Re: Help needed on optimizing query

Tom Lane <tgl@xxxxxxxxxxxxx> · Mon, 13 Apr 2020 11:33:10 -0400

Mark Steben <mark.steben@xxxxxxxxxxxxxxxxx> writes:
>          ->  *Materialize  (cost=0.57..654.71 rows=5190 width=8) (actual
> time=0.738..269.930 rows=5797068 loops=1)*
>                ->  Nested Loop Left Join  (cost=0.57..641.73 rows=5190
> width=8) (actual time=0.736..6.183 rows=5190 loops=1)

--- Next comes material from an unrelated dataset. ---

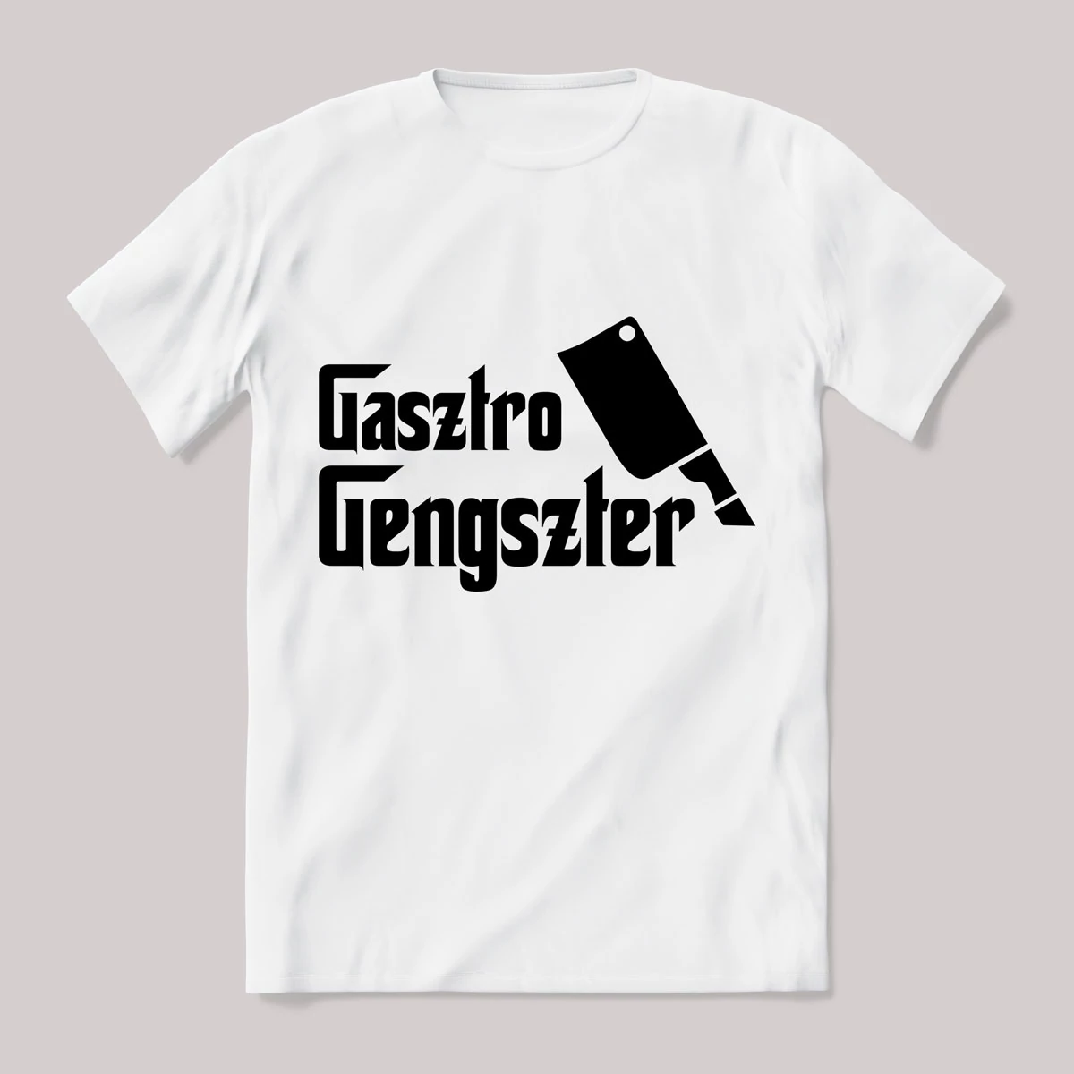 Gasztro gengszter. Vicces póló. – ha ezt viseled, mindenki tudni fogja, hogy nem csak stílusod, de humorod is van! Ez a Grillezés/Főzés kategória egyik legmenőbb darabja.

> My specific question to you is: I notice in the boldened lines the
> discrepancy between the 'estimated row count' and 'actual row count' Most
> blatant is one Materialize where estimated rowcount as calculated in the
> explain is 5190 and actual rowcount is 5,797.068.  How do I fix this so
> that the estimated is closer to the actual.

I don't think there's any estimation failure here at all: notice that the
input left-join node's estimate is dead on.  The reason the Materialize's
output row count is higher is that the same rows are being read from it
over and over, which is something that a Merge Join will do to its
right-hand input when the left-hand input has a lot of duplicate join
keys.  The reason the planner stuck a Materialize here is exactly to
make that as cheap as it could.

It looks to me like the really bad aspect of this plan is that
the most aggressive filter can't be applied till the very end:

         Filter: ((roles_users.id IS NOT NULL) OR (access_keys_users.id IS NOT NULL) OR (accounts_users.id IS NOT NULL))
         Rows Removed by Filter: 5613165

You're likely not going to be able to do much about that without
a significant rethinking of your table layout.  But having to do
a seven-way join in a performance-critical query is already a sign
that you're in for pain.

			regards, tom lane